Persistence, the stress-tolerant state, is arguably the most vital phenotype since nearly all cells experience nutrient stress, which causes a sub-population to become dormant. However, how persister cells wake to reconstitute infections is not understood well. Here, using single-cell observations, we determined that Escherichia coli persister cells resuscitate primarily when presented with specific carbon sources, rather than spontaneously. In addition, we found that the mechanism of persister cell waking is through sensing nutrients by chemotaxis and phosphotransferase membrane proteins. Furthermore, nutrient transport reduces the level of secondary messenger cAMP through enzyme IIA; this reduction in cAMP levels leads to ribosome resuscitation and rescue. Resuscitating cells also immediately commence chemotaxis toward nutrients, although flagellar motion is not required for waking. Hence, persister cells wake by perceiving nutrients via membrane receptors that relay the signal to ribosomes via the secondary messenger cAMP, and persisters wake and utilize chemotaxis to acquire nutrients.
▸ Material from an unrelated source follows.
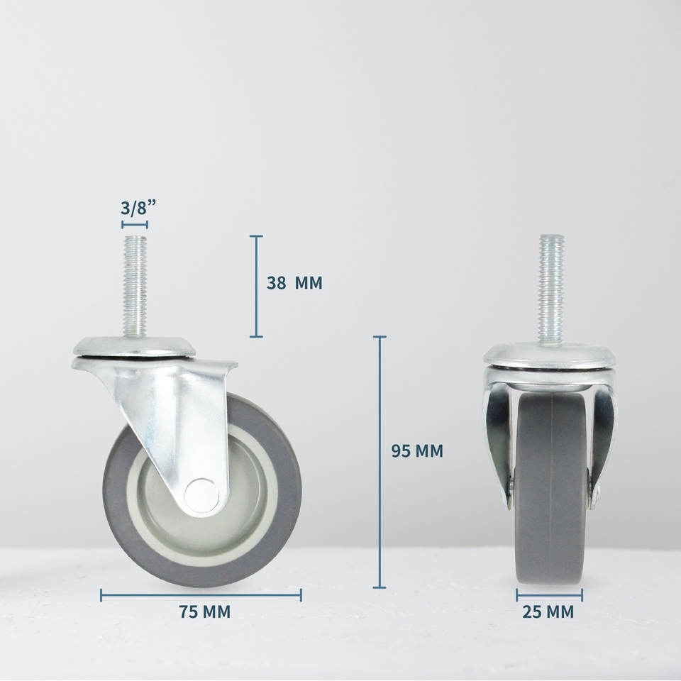 3 Inch 3/8" Stem Thermoplastic Rubber Wheel Casters For FurnitureProduct name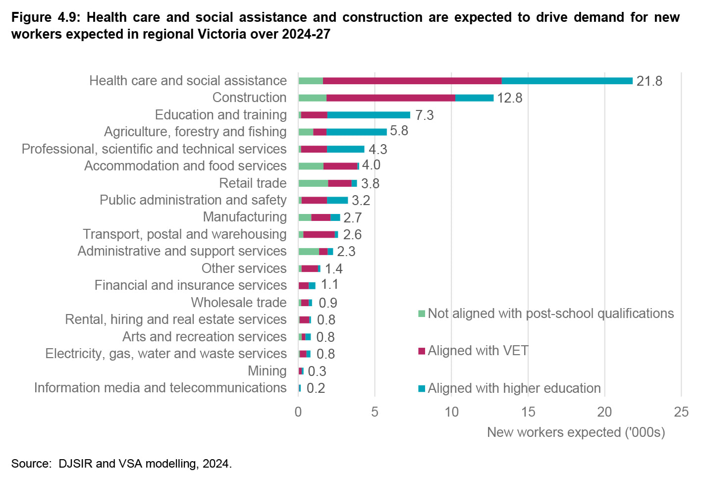 Around 48.6 per cent of new workers expected in regional Victoria will be in VET-aligned occupations.

持久性，即耐压力状态，可以说是最重要的表型，因为几乎所有细胞都经历营养胁迫，这会导致亚群进入休眠状态。但是，人们对持久性细胞如何唤醒以重构感染的认识还不清楚。在这里，使用单细胞观察，我们确定大肠杆菌当存在特定的碳源时，持久性细胞主要是复苏，而不是自发的。此外，我们发现持久性细胞苏醒的机制是通过趋化性和磷酸转移酶膜蛋白来感知营养。此外，营养物质的运输通过酶IIA降低了次级信使cAMP的水平。cAMP水平的降低导致核糖体复苏和抢救。尽管苏醒不需要鞭毛运动，但复苏的细胞也可立即开始趋向营养。因此，持久性细胞通过经由膜受体感知营养而醒来，该膜受体通过次级信使cAMP将信号传递给核糖体，持久性醒并利用趋化性获取营养。